# Id please



## godwill78 (Jun 28, 2013)

I live in Hervey Bay qld, found this little fella next to passenger side front tyre. Just curious to what it exactly is. Thanks


----------



## $NaKe PiMp (Jun 28, 2013)

need side on pic of head for reliable ID in this case, in a photo Keelbacks and Roughscaled snakes look similar


----------



## Trent005722 (Jun 28, 2013)

look like a keelback but could be a rough scaled


----------



## jase75 (Jun 28, 2013)

Its a Keelback, fairly typical Keelback pattern and body shape.

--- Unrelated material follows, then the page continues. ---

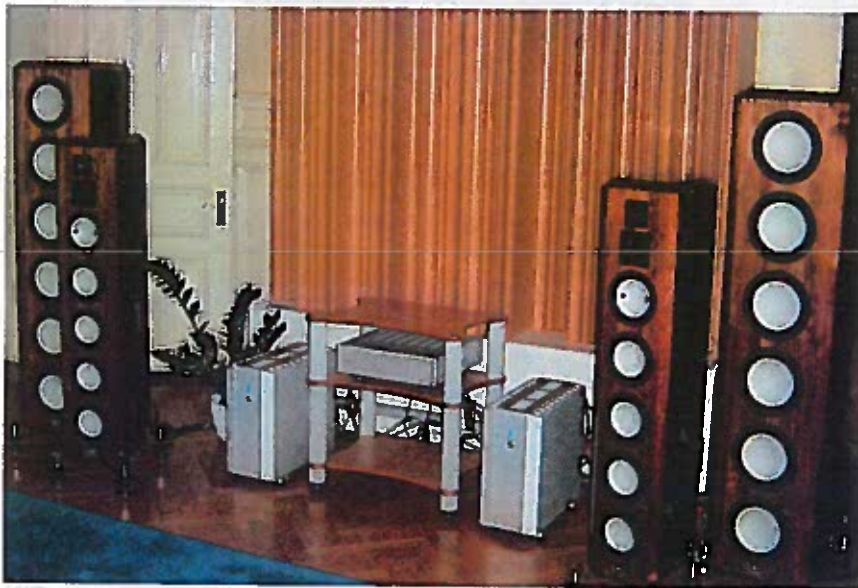
Et samlet overblik over højttaleropstillingen som kræver et pænt stort rum. I midten det aktive filter fra Bladelius, som sørger for frekvensdelingen til de to basårne såvel som en let equalisering.

Coltrane Supreme bygger, som navnet antyder, på erfaringerne fra Marten Coltrane (test i HF 8/03). Her er der dog tale om et langt større 5-vejs system med ikke mindre end 13 enheder pr. side! To helt separate

Sent from my XT925 using Tapatalk 2


----------



## Bushman (Jun 28, 2013)

Snake Pimp is right that you can't be sure which species it is from the photo provided.
As mentioned, it looks most like a Keelback or a Rough-scaled Snake. It looks more like a Keelback _(Amphiesma mairii_) than a Rough-scaled Snake to me, however because the former is harmless and the latter is potentially dangerously venomous, it would be unwise to give a positive ID based on that pic alone.


----------



## $NaKe PiMp (Jun 29, 2013)

yea just to be 100% a side face pic clears all doubt,even though its more likely keelback


----------



## godwill78 (Jun 29, 2013)

*not the best pic*



$NaKe PiMp said:


> need side on pic of head for reliable ID in this case, in a photo Keelbacks and Roughscaled snakes look similar


----------



## Venomous_RBB (Jun 29, 2013)

Looks like a keelback to me. (I have looked at both pics)


----------



## Firepac (Jun 29, 2013)

The picture is poor quality but zooming in appears to show a loreal scale and it has the 'smile' typical of keelbacks.


----------



## butters (Jun 29, 2013)

Also looks like something chopped off the end of its tail


----------



## baker (Jun 29, 2013)

I agree with it being a keelback as the head shape does not suite a rough scaled snake to me. 


Bushman said:


> Snake Pimp is right that you can't be sure which species it is from the photo provided.
> As mentioned, it looks most like a Keelback or a Rough-scaled Snake. It looks more like a Keelback _(Amphiesma mairii_) than a Rough-scaled Snake to me, however because the former is harmless and the latter is potentially dangerously venomous, it would be unwise to give a positive ID based on that pic alone.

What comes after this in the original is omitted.